Certains sujets relèvent du niveau européen, notamment la TVA applicable aux produits reconditionnés.

Sur deux sujets, j'aurais des réserves plus importantes : la question de l'interdiction des offres de téléphonie illimitée, qui pose un certain nombre de questions concernant l'inclusion numérique ou encore la liberté d'entreprendre, et le reporting sur les stratégies marketing liées à l'économie de l'attention, dont je doute de la faisabilité opérationnelle, sachant que, par ailleurs, cela introduirait un traitement différencié entre, d'une part, les contenus de services de communication au public en ligne et, d'autre part, les contenus publicitaires.

Se pose également la question des modèles d'affaires : doit-on aborder ce sujet par l'économie de l'attention ou par une régulation économique ? Le fond de ces problèmes, y compris celui de la haine en ligne, renvoie souvent à des questions de concurrence et à l'empreinte de ces très grandes plateformes.

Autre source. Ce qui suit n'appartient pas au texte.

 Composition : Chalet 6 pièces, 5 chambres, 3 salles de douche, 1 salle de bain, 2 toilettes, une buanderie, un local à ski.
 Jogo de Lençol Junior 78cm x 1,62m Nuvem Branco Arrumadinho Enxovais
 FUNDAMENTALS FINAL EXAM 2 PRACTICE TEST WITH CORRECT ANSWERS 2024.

Concernant l'article 2 et la question de la formation, je suis favorable à une généralisation des modules relatifs à l'écoconception des services numériques plutôt qu'à l'établissement de conditions à l'obtention du diplôme. Il n'existe pas de définition normative du contenu des diplômes d'ingénieurs ou de techniciens, mais une labellisation des formations. Les mesures relatives à l'écoconception des services numériques sont très faibles aujourd'hui. Quand on est formé au développement, on est peu sensibilisé à « l'écologie du code » ; il est nécessaire d'avancer sur ce sujet-là.

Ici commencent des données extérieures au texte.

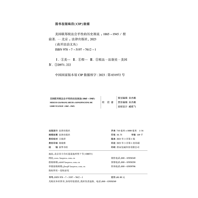 历史源流1865 美国联邦税法公平性 1945 程前 社9787519776121 正版 法律出版 2023新书

Sur le rapatriement des articles 18, 19 et 20 dans l'article général sur l'écoconception, il nous semble préférable de prévoir la création de référentiels. Au niveau européen, la directive écoconception, qui doit faire l'objet d'une révision dans le programme de la Commission européenne, serait peut-être plus adaptée pour définir un tel cadre de manière efficiente. Dernièrement, la Commission a exprimé des réserves sur la partie de la loi AGEC liée à l'écoconception, estimant notamment que les indices de réparabilité n'étaient peut-être pas compatibles avec le droit européen.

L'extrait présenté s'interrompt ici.